Frequently Asked Questions
How can I tell If my child is behind in development?
Childhood development includes many milestones, or behaviors and activities that children show in their early years. For example, most children will begin playing with others around at 4 months old, or say their name and age at 3 years old. By being aware of these milestones, parents can watch for delays in their child's development.
What happens during an EI evaluation?
During a multidisciplinary evaluation, your Service Coordinator will look at many areas of your child's development, including physical, communication, social, emotional, and adaptive areas. During the evaluation, the team might discuss strengths or concerns about your child's development. The team uses all the information they gather during the evaluation to determine whether your child is eligible for EI. If so, they will build a specialized plan best suited for your family and child.
How does the evaluation test for my child's eligibility?
An early intervention evaluation will test for eligibility based on the following criteria:
- Developmental delays to cognitive development such as physical, communicative, social, emotional, or adaptive delays far enough below average.
- Diagnosed physical or mental conditions with a high chance of resulting in a developmental delay, such as a physical or mental condition determined through the evaluation.
- Any informed clinical opinion that grants eligibility in cases where determining a child's developmental status is difficult.
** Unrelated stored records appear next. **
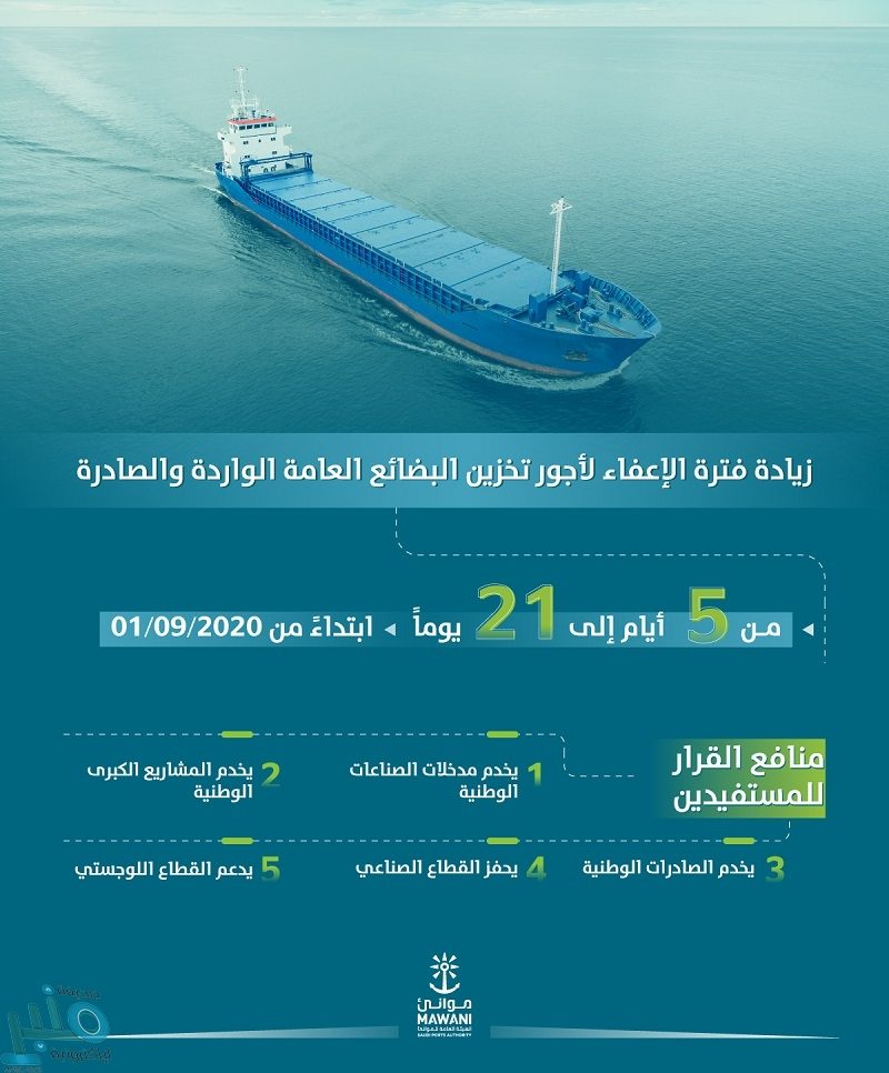 أعلنت الهيئة العامة للموانئ “موانئ” اليوم، زيادة فترة الإعفاء لأجور تخزين البضائع العامة (الواردة والصادرة) لتكون 21 يوماً بدلاً من 5 أيام، وذلك ابتداءً من تاريخ 1 / 9 / 2020.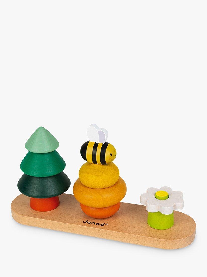 This Forest Stacker toy from Janod has 10 pieces to stack. Kids can use the pieces to stack up and build a tree, a hive and its bee as well as a flower. This early childhood development toy will allow your child to develop their visual coordination and dexterity. A lovely toy featuring colours inspired by nature, it is made from FSC-certified solid wood toy and water-based paint. Suitable for children ages 1 to 3 years old.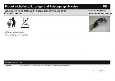 Titel: | Schutzblech vorne Kotflügel Verkleidung fender Yamaha Yz 80 93-02 85 02-14 sw |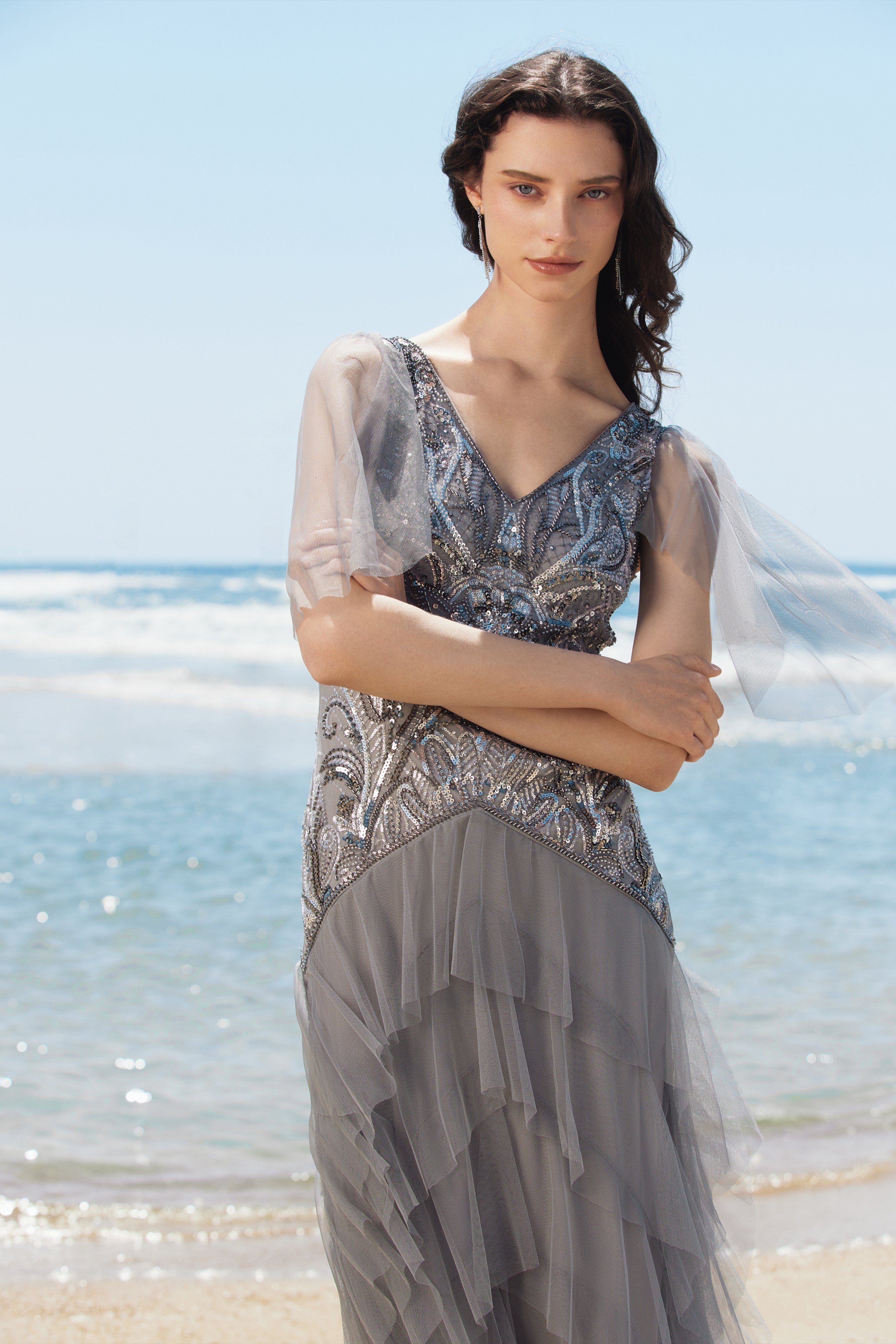 Beaded Sequin V-Neck Mini Dress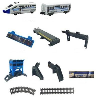 Комплектация | 1 локомотив, 1 вагон, рельсы, аксессуары,станция |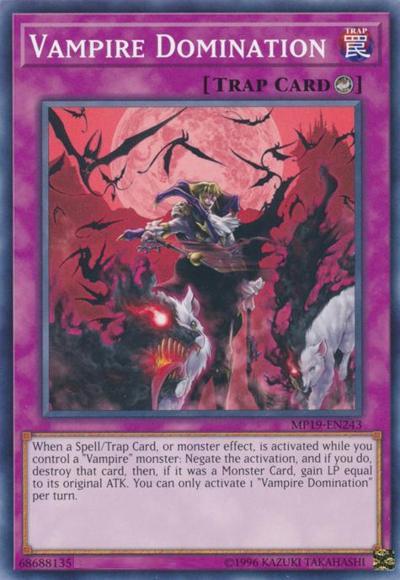 When a Spell/Trap Card, or monster effect, is activated while you control a ‘Vampire’ monster: Negate the activation, and if you do, destroy that card, then, if it was a Monster Card, gain LP equal to its original ATK. You can only activate 1 ‘Vampire Domination’ per turn.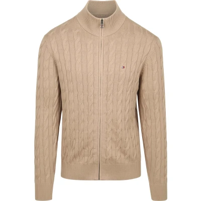 Tommy Hilfiger Cardigan Zip Cable Beige Tommy Hilfiger Cardigan Zip Cable Beige in the color Beige with a fit Regular-Fit is made from Cotton with a Plain design and Long sleeves.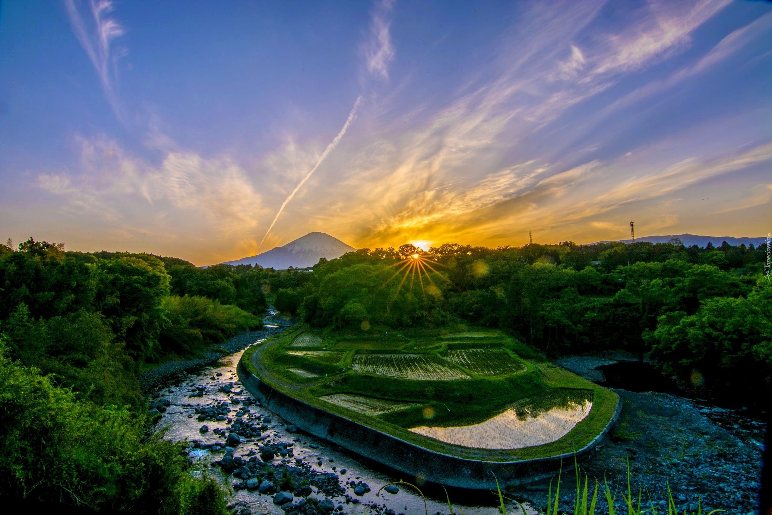 Edytor tapety: Zachód, Słońca, Góra, Drzewa
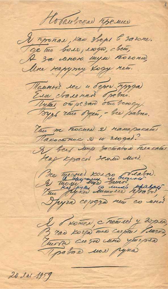 Ил. 7. Автограф стихотворения Б. Пастернака «Нобелевская премия». 20 января 1959. Ист.: https://ruverses.com/autographs/boris-pasternak/nobel-prize/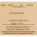 Available for sale is a Canada 1893 5 Cents Silver Coin - ICCS AU-55 (scratches)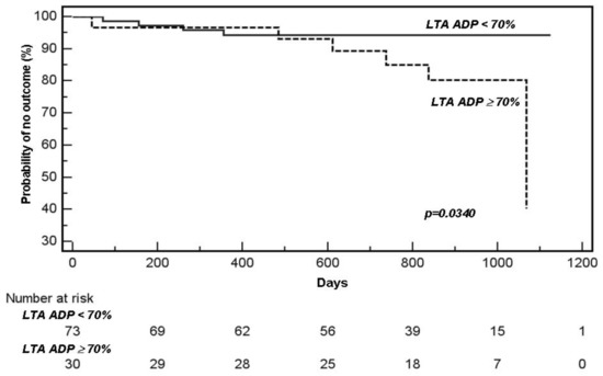 Kaplan–Meier curves of group considered “aspirin resistant” versus not “aspirin resistant” by light transmission aggregometry (LTA) using ADP.

This may occur in cases where a child's developmental area is hard to compare with a standard.
How can I prepare for the evaluation?
During your evaluation, your Service Coordinator might start off by asking you a few questions about your child's development. You can request an evaluation at any point during this screening process. To prepare for an evaluation, be prepared to do the following:
- Inform the Service Coordinator if you need any special assistance such as an interpreter.
- Give any important information such as health appraisal, medical records, a baby book, growth chart, or any other evaluations or reports.
- Ask any questions or concerns you may have about your child's development.
- Explain which activities are challenging for your child and family to participate in at home, in the community, at child care, or any other activities you enjoy doing together.
- Share where you currently get your support. Is it from your extended family? Your community? A parent group?
What if my child is eligible for early intervention?
If your child is eligible for Early Intervention, your Service Coordinator will explain your Individualized Family Service Plan (or IFSP). Your IFSP lays out services and a schedule specifically tailored to you and your child, and includes your family's unique activities, values, and community participation. Early Intervention teams understand the importance of community support. Friends, teachers, churches, neighbors, and other sources of support in one's community can be strong and long-lasting, and are taken into account when developing the best plan for your child. Early Intervention services can be provided at home, in childcare, in conjunction with Early Head Start, or any combination of these that a family and team find works best for your child's development.
What changes should I be prepared for?
Once you and the EI team agree on an IFSP best suited for your child, Early Intervention services must start within 2 weeks (unless a later date is recommended). As you and your child adjust to your new early intervention plan, there may be many changes to you or your child's lifestyle to accommodate EI support. These changes could include transitioning hospital services to the home, shifting from infant/toddler services to preschool services, or switching from EI services to other early care/education settings such as Head Start or other child care programs. Families can navigate changes in services or support by being aware of the following:
- What is needed for my child?
- What is available? (services, support, opportunities, etc.)
- Who is involved?
- Where are they? (are services located in a convenient area, are they accessible, etc.)
- How will these changes occur?
- What will help my child adjust to these changes?
- How can my family and child find support through this change?
What do I do if I have to change my family's plan?
Changes can happen sudden and often in life, and navigating them can be complicated if your child needs specific and support for their development. In these cases, families can contact their service coordinator to plan an IFSP meeting. During this meeting, your service coordinator will help you discuss any adjustments to best suit their development in the case of any changes to your child's age, living situation, activities, health conditions, or otherwise. If you decide that an IFSP meeting is necessary, here are some things to think about before the meeting:
- Your child's unique qualities and strengths
- What you and your family want for your child now and in the future
- Questions you may have about your child or their behavior. All questions are important and acceptable to ask
- Activities that you and your child enjoy doing together. These activities may be included in your EI support, as they are important to your child's growth
- Special needs your child has such as equipment or support to aid mobility, feeding, self-help, or communication
- Any current difficulties that you would like solutions for such as problems with mobility or communication.
Who will have access to my child's information?
All child information and records are kept confidential, and is only accessible by persons authorized by federal and state confidentiality, privacy, and security laws. This means that information about your child cannot and will not be shared outside a program, except as permitted by law with parental consent. Only the staff who are directly involved with your child will have access to their information. State and county personnel will have limited access as well, only for the purpose of ensuring that your child's services are delivered correctly.